3 Tips to Proactively Manage Your Career

You spend a lot of your more productive waking hours at work, but have you ever devoted a significant amount of time developing a long-range plan to manage your career?  If a promotion or raise comes along, you are happy, but do you have a 2-year, 5-year, or 10-year career plan?

Take Tony, for instance, he was brilliant at his interview.  He seemed ordered straight out of central casting—energetic, bright, willing to learn and friendly. The fact that he was honorably discharged from the U.S. Army meant he was likely team-oriented, task-focused, disciplined, and reliable.

He was hired to work in the warehouse as a laborer and promoted to distribution dispatcher in 18 months. He was great at his job and always received outstanding performance reviews. Now, fast-forward three years, he is now a foreman, though two of his buddies have been promoted to head foreman and one just made warehouse superintendent. What’s wrong with this picture?

Tony has been happy with the 3% – 5% annual raises, but he has more skills than most of his co-workers. Lately, he has started thinking about his career path and future, but wonders what he needs to do to be more marketable.

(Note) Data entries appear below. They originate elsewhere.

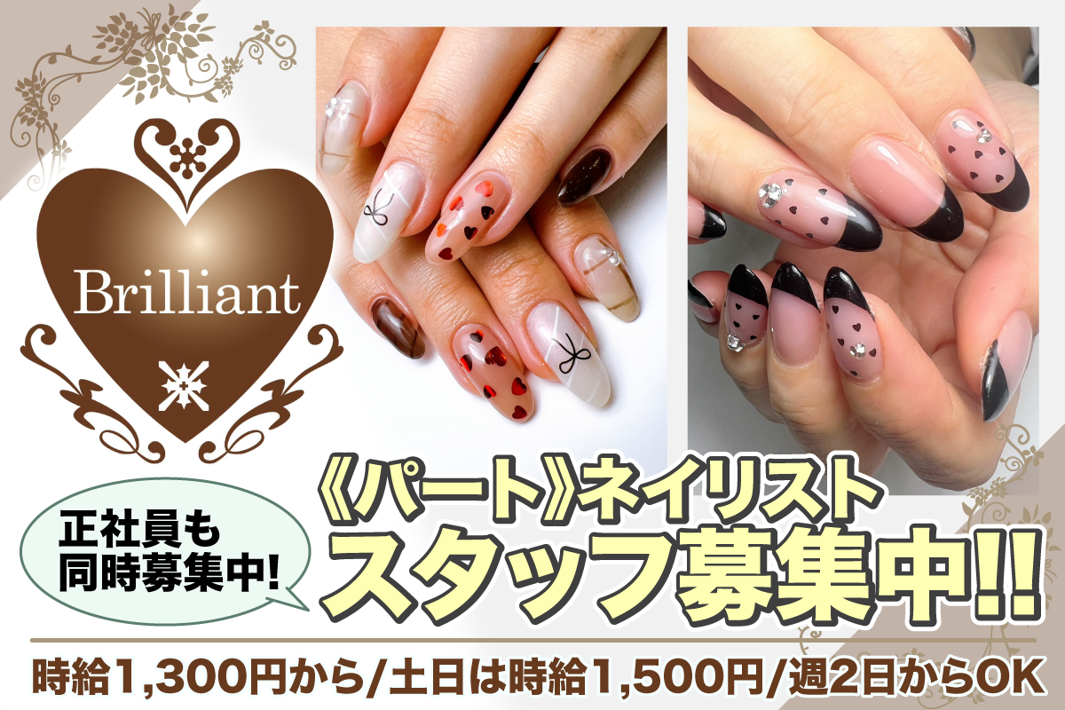 時給1,300円~/土日1,500円/ネイリスト募集中/パート/経験者/資格不問/正社員も同時募集/トータルビューティーサロン ブリリアント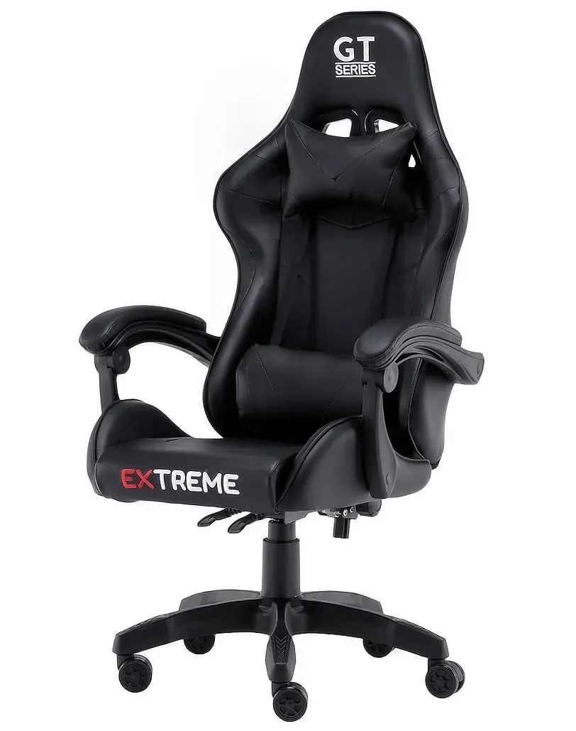 Ігрові крісла Extreme GT — це спортивні сидіння з плавно регульованою спинкою та подушками. Бренд Extreme характеризується високою якістю матеріалів, які застосовуються для виробництва цих часом енергійно і довго використовуваних крісел. Грати годинами на цьому кріслі – справжнє задоволення, а додаткові подушки для підтримки голови та попереку лише підсилюють відчуття високого комфорту. Ідеально підходить для геймерів, а також для людей, які проводять багато годин за комп'ютером або письмовим столом.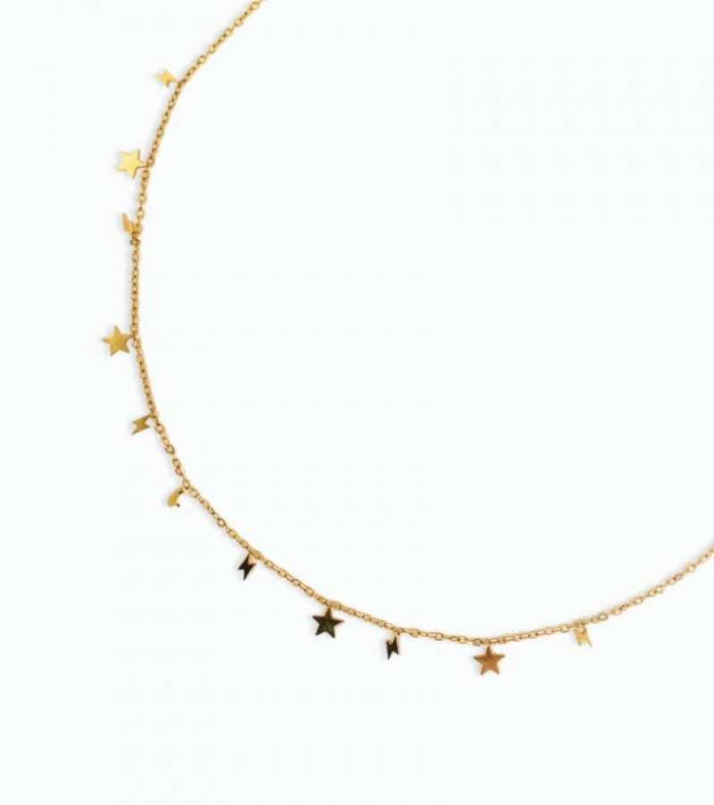 Notre collier Staria est en acier inoxydable doré à l’or fin ou en acier inoxydable simple. Il est bordé de petites lunes et étoiles.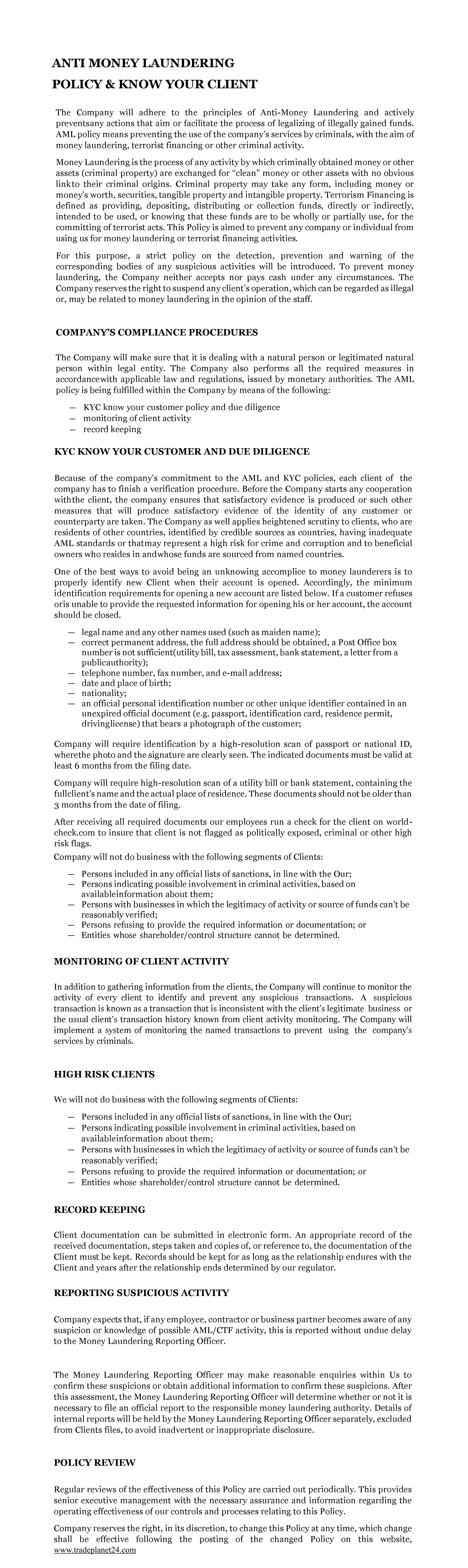 Anti Money Laundering Policy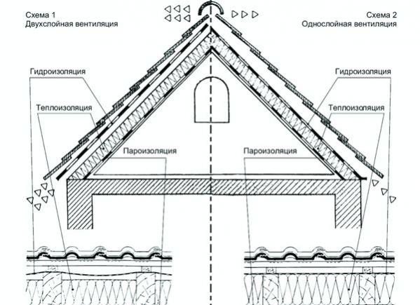 В зависимости от принятого материала подкровельной гидроизоляции различают два типа вентиляции: двухслойная (схема 1) и однослойная (схема 2). Чаще всего крышу вентилируют по схеме 1.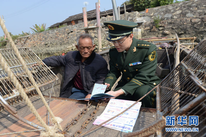 边防官兵上船头为渔民办证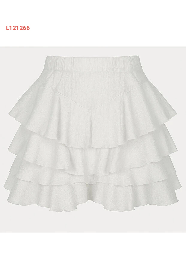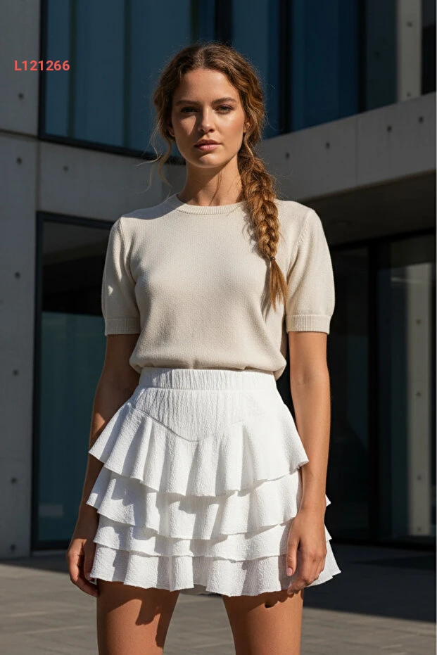 أضف لمسة أنثوية لمظهرك مع تنورة EYYE بيضاء بفروفتل ومتصلة بتصميم مريح وأنيق. تتميز برشاقة وأناقة، مما يجعلها الخيار المثالي لمناسباتك الصيفية أو لإطلالة عصرية يومية. اجعلي كل نظرة إليك مليئة بالسحر والجاذبية مع هذه التنورة المتجددة!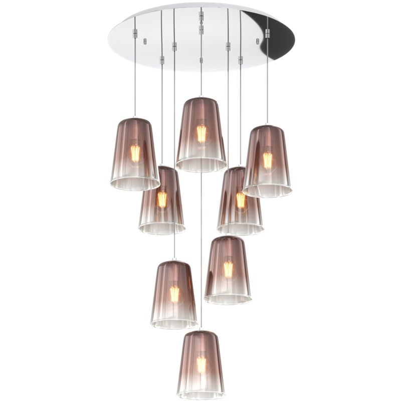 Collezione Shaded IL CONNUBIO PERFETTO TRA ARTE E LUCE Sospensione 8 luci con struttura in metallo cromo e rosone tondo e con 8 coni in vetro pirex soffiato colore rame posti in altezza differente tra di loro.. Le finiture dei vetri cromo, rame e ambra sono trattamenti superficiali sfumati verso il basso. Le strutture in metallo sono disponibili nelle finiture cromo, bianco e ottone satinato. La serie viene completata da una lampada da appoggioQuesto articolo è disponibile in diverse finiture e/o dimensioni. E' possibile indicarlo nell'apposito campo NOTE presente in conclusione di ordine oppure contattarci dopo aver effettuatol'ordine.

All of us want career success and satisfaction.  The trick is to take an unbiased, objective view of our progression. If you find yourself wondering long-range about your future, here are three tips to help you proactively manage your career:

(1) Assess where you are now and where you want to go with your career. Do the research for the next career level or enhancements to your current position. Address any educational or training deficits. Assemble any positive performance reviews, awards, and successful professional development trainings completed. Review your current job description. Think short-term and long-term.

(2) Objectively consider what unique value you have to offer a prospective employer. Put ego aside and take the recruiter’s perspective, why should anyone hire you? If the interview were tomorrow, how would you convincingly present your value?  Write it down. Make sure your statements are verifiable, authentic, quantitative, clear and succinct.

(3) Investigate your online reputation. Google yourself, most recruiters will. Pay attention to your personal online accounts, photos and posts. If you are serious about your career, take the time to establish a free LinkedIn profile.  Complete the information for each category.

Figure out where you want to go and map out a plan. Getting a branded, targeted and correctly formatted resume with supporting documents (cover letters, LinkedIn profiles, etc.) that are professionally written to help you find, elevate, or retain fulfilling employment.

A professional resume writer can appropriately present you for your industry and career objectives. You should manage your career proactively—developing a resume takes time and planning.  Update it before it’s needed.